Originality prevailed

Lakshmi Sriram. Photo: S.Srimathi

Lakshmi Sriram. Photo: S.Srimathi  

VOCAL It was two hours of non-stop melody. P.S.KRISHNAMURTI

I n her vocal recital for Connoisseur's Club at Parvathi hall, Dr. Lakshmi Sriram offered a balanced fare to the accompaniment of Anantha Padmanabha on the violin and Thiruvananthapuram Hariharan on mridangam. The Parvathi Hall on Eldams Road can comfortably seat 50 persons.

A bracing Adi tala varnam in Durbar madhyamakalam set the pace for what turned out to be a continuous two-hour flow of melody. Muthuswamy Dikshitar's composition in Raga Malahari in a leisurely Rupaka talam, served as an invocation to Ganesa and as a majestic forerunner to the rest of the performance.

With a short exchange of kalpanaswaras, this led to a sketching of Janaranjani for Tyagaraja's ‘Vidajala gura' in Adi, concluding with a few kalpanaswaras in duritam. Full justice was done to Suratti alapana in all the three sthayis. The delineation, lasting for nearly 10 minutes, was original in a raga in which one is prone to slip into clichés. Lakshmi's voice could reach the upper panchama effortlessly and sustain it without trailing in power or melody, in a slow or fast pace.

After this, it was again Dikshitar's ‘Kodandarajaya Namaste' in Rupakam in madhyama kalam. Kalpanaswaras figured here too. The only major item with pratimadhyama in Ranjani appeared half an hour after start at this stage. Tyagaraja's ‘Dunmargachara' was taken up for elaboration after a short preface, with a few fast kalpanaswaras. After a long time, one heard Tyagaraja's ‘Tulasi bilva' in Kedaragowla and Adi. Lakshmi introduced the kriti from the anupallavai, taking off at the upper shadja with great power. The kriti was competently rendered with the sanctity that it commanded, and concluded tastefully without the flourish of swaras. After a racy Vasanta came up Bhairavi done in elaborate style. Matching the song, both the vocalist and violinist led the alapana to the upper shadja, to blend into Swati Tirunal's ‘Bhavadeeya Katha.' With niraval and kalpanaswara at ‘Bhava Sagara Tarana,' this phase was delectable, culminating in the thani.

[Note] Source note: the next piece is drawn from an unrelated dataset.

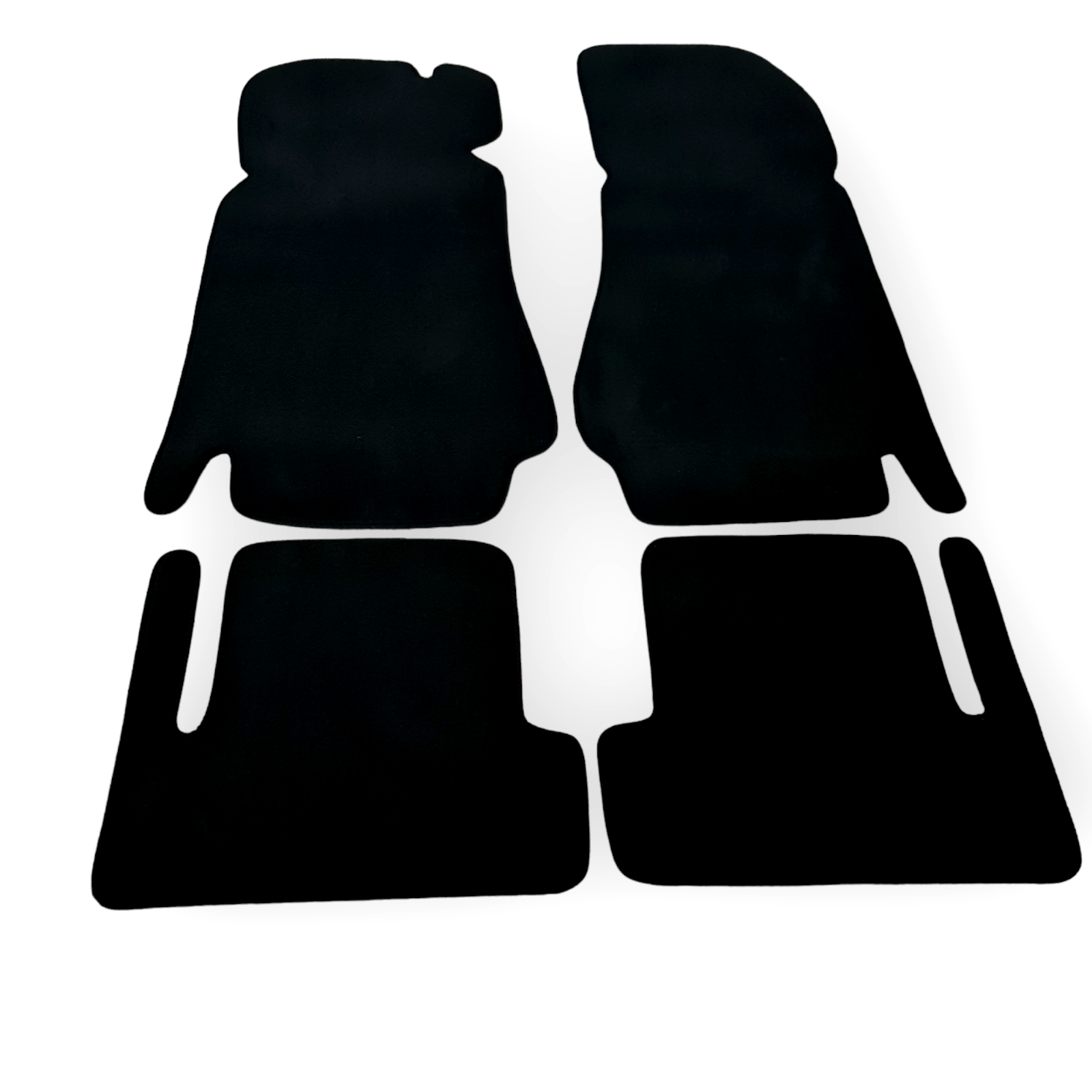 - High premium velour floor mats with edging and integrated decorative seams.

Lakshmi concluded her recital with Gopalakrishna Bharati's ‘Varuvaaro' in Sama and a thillana in Hamsanandi.

Anantha Padmanabha displayed rich imagination and sensitivity; his playing merged well with the ethos created by the singer. While Hariharan's thani showed good training and skill, his accompanying could do with a little more imagination, which should follow in the years to come.

The acoustics, the traffic outside and rather loud amplification, however, proved deterrents.